**Recorded information:**
_ _ _ _ _

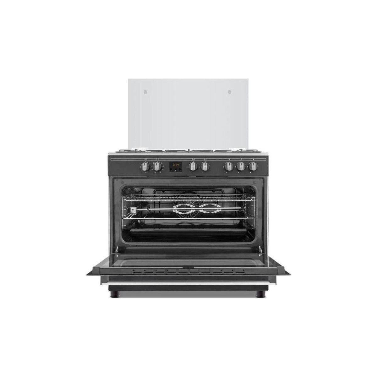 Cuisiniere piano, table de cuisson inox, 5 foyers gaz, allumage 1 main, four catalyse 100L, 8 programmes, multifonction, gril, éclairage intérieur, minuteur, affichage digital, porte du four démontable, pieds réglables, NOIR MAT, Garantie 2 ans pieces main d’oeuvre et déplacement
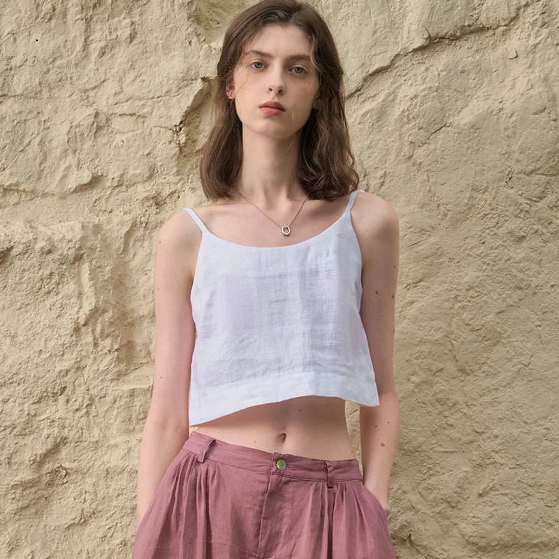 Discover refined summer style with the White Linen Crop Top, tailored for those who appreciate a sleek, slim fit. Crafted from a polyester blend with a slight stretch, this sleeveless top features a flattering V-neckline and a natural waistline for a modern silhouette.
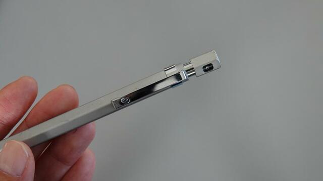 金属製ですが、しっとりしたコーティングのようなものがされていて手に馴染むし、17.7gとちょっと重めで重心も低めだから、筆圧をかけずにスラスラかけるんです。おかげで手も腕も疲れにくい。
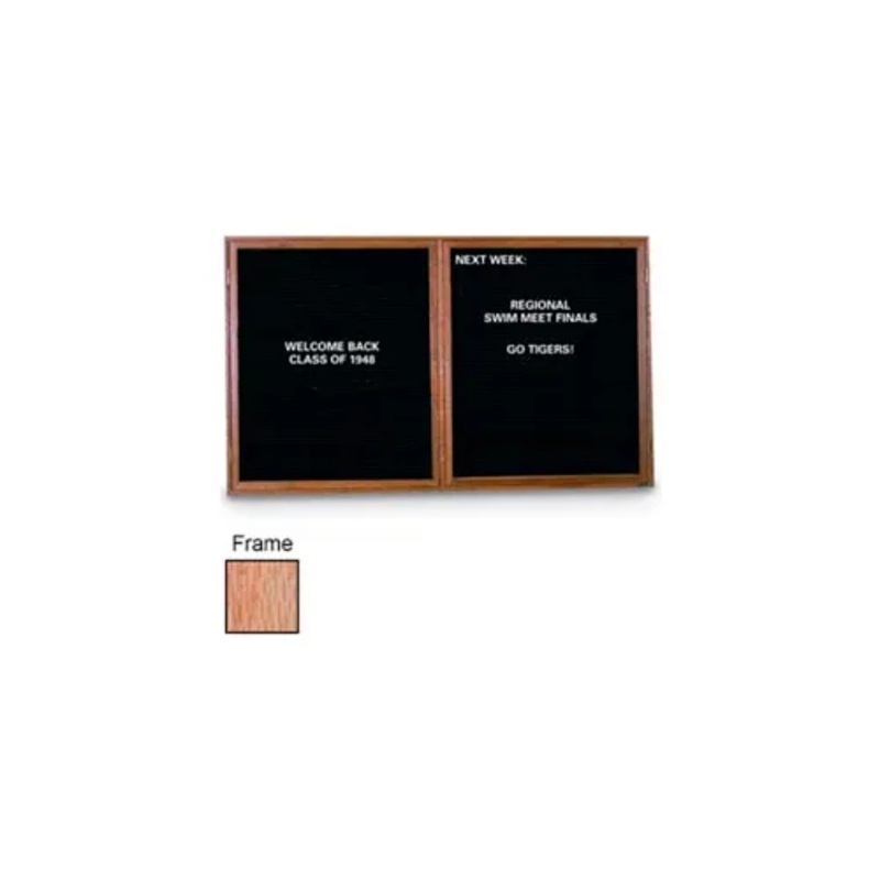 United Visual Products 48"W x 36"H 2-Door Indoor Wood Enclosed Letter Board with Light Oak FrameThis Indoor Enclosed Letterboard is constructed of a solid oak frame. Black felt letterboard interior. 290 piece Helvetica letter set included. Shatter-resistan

_ _ _ _ _

**What you have to do:** Copy exactly, and copy nothing else: the lines from the start of the data above through the line that holds "Discover refined summer". The pictures stay out.

**Solution to this problem:**
 Cuisiniere piano, table de cuisson inox, 5 foyers gaz, allumage 1 main, four catalyse 100L, 8 programmes, multifonction, gril, éclairage intérieur, minuteur, affichage digital, porte du four démontable, pieds réglables, NOIR MAT, Garantie 2 ans pieces main d’oeuvre et déplacement
 Discover refined summer style with the White Linen Crop Top, tailored for those who appreciate a sleek, slim fit. Crafted from a polyester blend with a slight stretch, this sleeveless top features a flattering V-neckline and a natural waistline for a modern silhouette.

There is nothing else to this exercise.